Wednesday, October 23, 2024, 3:30 pm
Lauren Cranton Heller (UNL)

Cellular resolutions of lattice ideals

Abstract: A sublattice of ℤⁿ can be used to construct a binomial ideal in the polynomial ring of n variables. I will discuss a construction of Bayer and Sturmfels which relates the free resolution of such an ideal to the free resolution of a monomial model. In some cases of interest to me the monomial module can then be resolved using a cell complex.

2023/2024 academic year

Note: this is a new page after some issues with the old one; the old seminar announcements will be back online in a few weeks when I manage to restore them to the new format.
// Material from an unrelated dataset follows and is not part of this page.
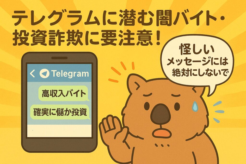 テレグラムは便利な一方で、詐欺や違法勧誘に悪用されやすい特徴があります。

Thank you for your patience.

Wednesday, December 6, 2023, 3:30 pm
Nikola Kuzmanovski (UNL)

97 years after Macaulay

Abstract: In 1927, Macaulay's paper on lex ideals was published. Macaulay proved that for every homogeneous ideal in a polynomial ring, there exists a nicely structured ideal (called a lex ideal) with the same Hilbert function. This is the fundamental result on Hilbert function and has influenced both algebra and combinatorics throughout the last century. Unfortunately, the fields that Macaulay founded and influenced have developed separately since the publication of the Clements-Lindström Theorem in 1969.
This talk will be about a connection between extremal combinatorics and commutative algebra that will put everything into a single framework. There are several byproducts from this connection. I will deduce old and new results in both fields that give answers to questions posed by Bezrukov, Hoefel, Leck, Mermin and Peeva. Some of these results include other rings in which Macaulay's lex ideal theorem holds, and a classification in this direction.
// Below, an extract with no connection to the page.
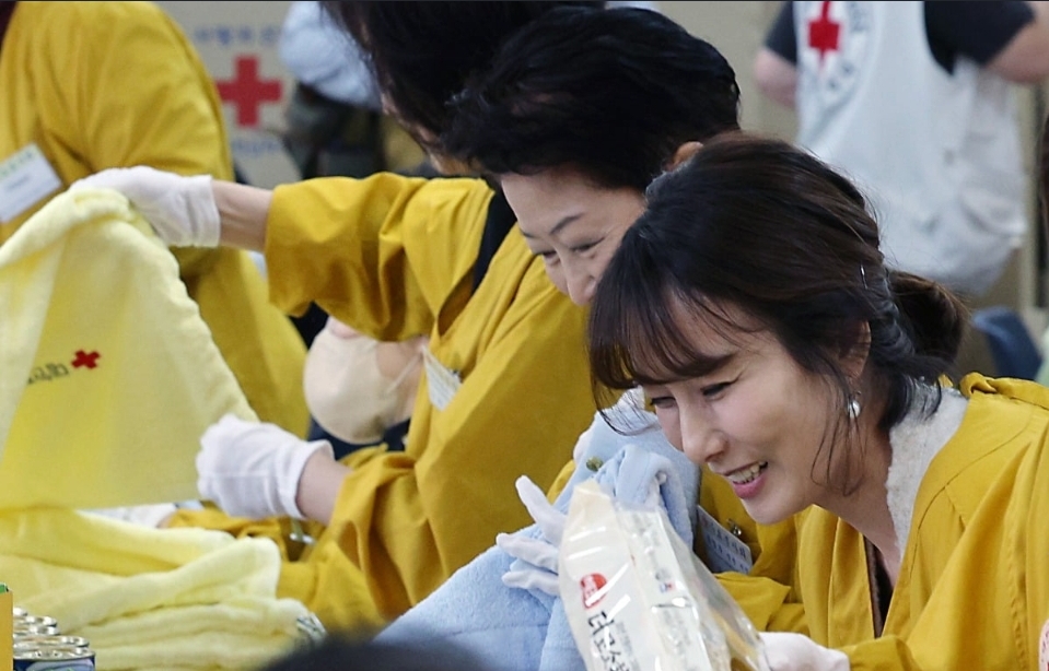 15일 오전 서울 중구 소파로 대한적십자사 서울사무소 앙리뒤낭홀에서 열린 사랑의 선물 제작 행사에 참여한 진은정 변호사는 취약계층 어르신과 아동청소년을 위한 선물 꾸러미 제작에 직접 손을 보탰습니다.

Wednesday, November 15, 2023, 3:30 pm
Sasha Pevzner (University of Minnesota)

Symmetric group fixed quotients of polynomial rings

Abstract: Let the symmetric group act on the polynomial ring S in n variables via variable permutation. We consider the quotient module M which sets a monomial equal to all of its images under the action. This is a module over the ring of invariants, with relatively little known about its structure. When using integer coefficients, we can embed M as an ideal inside the ring of symmetric polynomials. Doing so gives rise to a family of ideals - one for each n. Localizing at a prime p reveals striking behavior in these ideals, which stay stable (in a sense) as n grows, but jump in complexity each time n equals a multiple of p. In this talk, we will discuss the construction of this family of ideals, as well as a result and conjecture on its structure. The talk will end with a path forward towards solving the conjecture.